1863. The idea of the integument is the wall of a cyst. There is no tegument apart from the meaning of circumscription, inclusion, and limitation. There is no flat integument, or one that could be designed after the idea of the plane. Every tegument is periphery, just as there is nowhere a surface in the universe, which could have been produced according to the level or plane.
1864. All terrestrial processes, as digestion, respiration, and nutrition, are consequently tegumentary processes. All these organs must be tegumentary organs. Intestine, vessel, lung, in a word all viscera are naught but tegument.

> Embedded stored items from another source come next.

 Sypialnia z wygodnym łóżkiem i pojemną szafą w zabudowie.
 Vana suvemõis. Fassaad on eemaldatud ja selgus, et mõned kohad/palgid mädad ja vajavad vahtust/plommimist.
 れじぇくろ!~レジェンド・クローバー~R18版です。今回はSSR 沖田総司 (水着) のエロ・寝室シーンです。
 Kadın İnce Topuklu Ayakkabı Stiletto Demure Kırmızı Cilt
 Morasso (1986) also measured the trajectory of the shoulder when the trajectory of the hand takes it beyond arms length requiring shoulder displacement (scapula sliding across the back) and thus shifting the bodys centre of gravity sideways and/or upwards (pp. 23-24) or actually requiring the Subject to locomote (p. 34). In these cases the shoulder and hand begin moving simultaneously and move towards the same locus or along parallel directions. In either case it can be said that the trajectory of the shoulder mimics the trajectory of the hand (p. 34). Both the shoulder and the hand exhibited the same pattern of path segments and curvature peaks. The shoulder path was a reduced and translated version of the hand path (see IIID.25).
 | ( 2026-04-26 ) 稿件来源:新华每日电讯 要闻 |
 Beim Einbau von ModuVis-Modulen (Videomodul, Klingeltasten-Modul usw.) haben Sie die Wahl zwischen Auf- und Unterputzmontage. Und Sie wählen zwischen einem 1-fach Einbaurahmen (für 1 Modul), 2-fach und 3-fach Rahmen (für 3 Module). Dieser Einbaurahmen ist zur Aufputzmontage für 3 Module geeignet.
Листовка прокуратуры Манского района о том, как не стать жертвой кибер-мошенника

1865. The vegetable tissue becomes in the animal, tegumentary tissue. The tegumentary formation is the vegetable in an animal—the parenchyma, the Visceral.
1866. The lowest distinction between animal and plant resides accordingly in this, that the vegetable tissue consists of actual vesicles, which form everywhere closely compressed masses; the animal cellular tissue on the contrary of granules, which inclose a hollow space. The animal body is a hollow globe of vesicles, the vegetable body one full of vesicles. (Ed. 1st, 1810, § 1870.)
1867. Every animal cyst is necessarily composed of the element of the vesicles, and is then for the first time an organ. The vegetable bladders are, however, single vesicles, and as such are already an organ. In the plant therefore the cellular tissue is upon the lowest stage, being only an aggregate devoid of secondary form; in the animal along with its aggregation a secondary form has been imparted. In this the higher character of the animal is at once demonstrated.
1868. The above is certainly a distinction between the two organisms, but it is not the essential one; for with it, what is animal has been by no means expressed; this being first imparted in the three cosmic elemental forms, which manifest themselves through sensation and motion, and then admit of being recognized as an animal. The corolla is also a cyst, but without being an animal; because, to this animal-like tegumentary formation, the proper animal elements are still wanting.
1869. Now as the tegument is none other than the form, under which the cellular tissue exists in the animal, we must regard it as an elemental form, which has stepped into the place of the cellular. The tegumentary form constitutes the fourth form, and is none other than the primo-vesicular form elevated to a higher rank, by being composed of cell-granules, which have been formerly nerve-granules.
1870. The animal body must consist of nerve, muscle, bone, and tegument, and of no other fundamental form; in other words, of point, line, globe, and cyst.
ii. Anatomical Systems.
1871. All anatomical systems are developments and separations of the four tissues, which are prolonged as sheaths through the whole body, like as in the plant are the bark, liber and wood.